Eremophila capricornica is a species of flowering plant in the figwort family, Scrophulariaceae and is endemic to Western Australia. It is a small shrub with woolly branches, grey, hairy leaves and mauve to lilac-coloured flowers with hairy sepals.

==Description==
Eremophila capricornica is a shrub growing to 50-75 cm high and wide with densely woolly branches. The leaves are arranged alternately, clustered near the ends of the branches, grey, lance-shaped with the narrower end towards the base, 8-12 mm long and 3-4 mm wide. The flowers are borne singly in leaf axils on a woolly stalk 2-3 mm long. There are 5 lance-shaped, dark green to grey, hairy sepals which are 6-9 mm long and 1.5-3 mm wide.
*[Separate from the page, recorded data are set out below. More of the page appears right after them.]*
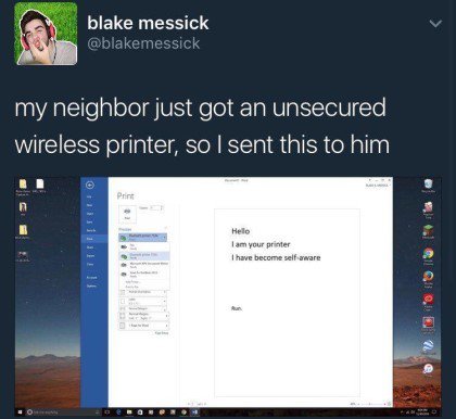 우리옆집사람이 비밀번호 없는 와이파이 프린터를 샀길래 이걸 인쇄시켜줬어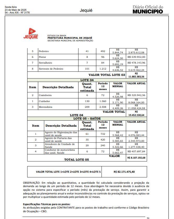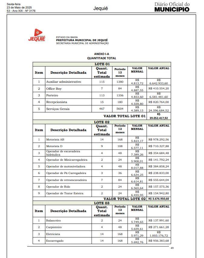 A prefeitura de Jequié lançou Edital de Licitação para contratação de empresa especializada em serviços de apoio operacional, para prestação de serviços de mão de obra e prestação de serviços continuados de apoio às atividades operacionais e administrativas, que irá atender as necessidades das diversas secretarias deste município de Jequié, pelo período de 12 (doze) meses.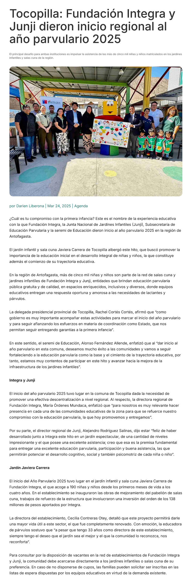 Fundación Integra y Junji dieron inicio regional al año parvulario 2025 - (termometro.cl)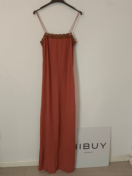 JORGE VÁZQUEZ. Vestido largo estampado satinado. T 38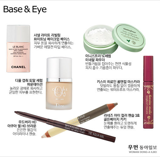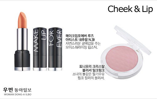 BASE 화사한 피부 표현이 포인트. 우선 미세한 펄이 있는 핑크빛 베이스를 발라준다. 여기에 파운데이션을 고르게 펴 바르고 미네랄이 함유된 파우더를 T존과 애플존에 살짝 발라 은은하게 빛나는 피부를 연출해준다. 이때 넓은 브러쉬를 사용해 가볍게 터치해주면 자연스러우면서 은은한 윤기를 연출할 수 있다. 마지막으로 촉촉함을 극대화하기 위해 미스트를 얼굴 전체적으로 고르게 뿌려 마무리.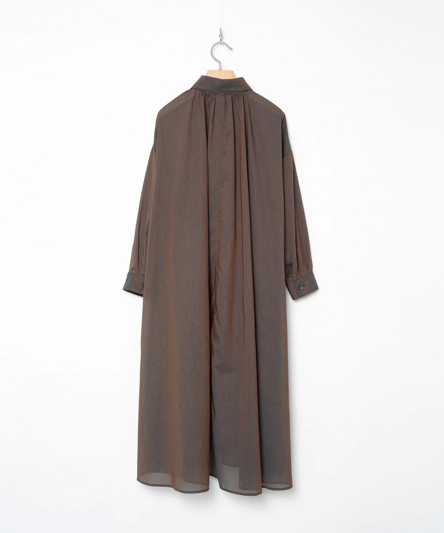 見る角度で色が変わって見える特殊な織り方をした生地を贅沢につかったシャツワンピース。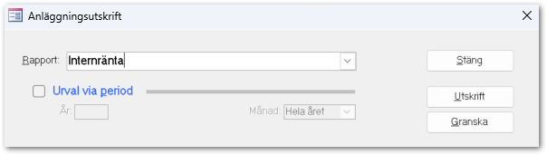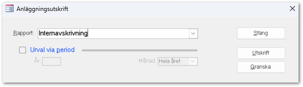 Samtliga rapporter skrivs via Rapporter > Anläggningsutskrift.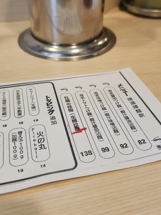 今日3號風球又唔想留喺屋企,唯有出去試吓海老名的沾麵(想試咗好耐)。去到長沙灣其實都有啲難搵,因為門牌比較簡潔。但皇天不負有心人終於搵到😅我地未開門入去,個店員已經衝出嚟招呼我哋入去坐🤭入面好有日本feel,播著日本歌曲,座位亦只有數個。一坐下店員即為我們介紹,並說蠔麵已經賣完了因一天只有五碗。於是我們點了兩客沾麵(蝦汁味噌沾麵和蝦汁醬油沾麵),看著店員在前方煮麵的時候好似好似置身於日本。當蝦麵汁送上時賣相相當美觀和吸引,其次就是一碟的沾麵。店員告訴我們吃之前要把麵汁先攪勻,又或者可以加少許蝦油醋提鮮,試了兩啖湯汁好味而不鹹!第一啖吃入口時... 嘩不得了!面質煙煙韌韌再配合蝦汁味噌真的很好吃哦!叉燒用火炙過夠野味又香口,蛋仍是流心好吃👍但係最特別的是櫻花蝦,我覺得這裡的櫻花蝦和外出吃到的是有點不一樣,這裏的櫻花蝦口感好飽滿紮實(不是薄薄的那種)。而當你吃完整碗沾麵的時候,店員會加幫你加熱湯,當湯飲又是另一種嘅享受和層次(我們連湯都喝光)。😂😬🫡下次必定提早去試它們的蠔麵!😁🥂🤟…查看更多

The petals are mauve to lilac-coloured, 15-20 mm long and joined at their lower end to form a flattened, bell-shaped tube which is mostly glabrous inside and out. The 4 stamens are enclosed by the petal tube. Flowering time is mainly from June to August.

==Taxonomy and naming==
Eremophila capricornica was first formally described by Bevan Buirchell and Andrew Brown in 2016 and the description was published in Nuytsia. The specific epithet (capricornica) refers to the Tropic of Capricorn near which this species occurs.

==Distribution and habitat==
This eremophila is found between Newman and Jigalong in the Gascoyne biogeographic region growing in Acacia shrubland with a grassy understorey.

==Conservation status==
Eremophila capricornica has been classified as "Priority One" by the Government of Western Australia Department of Parks and Wildlife, meaning that it is known from only one or a few locations which are potentially at risk.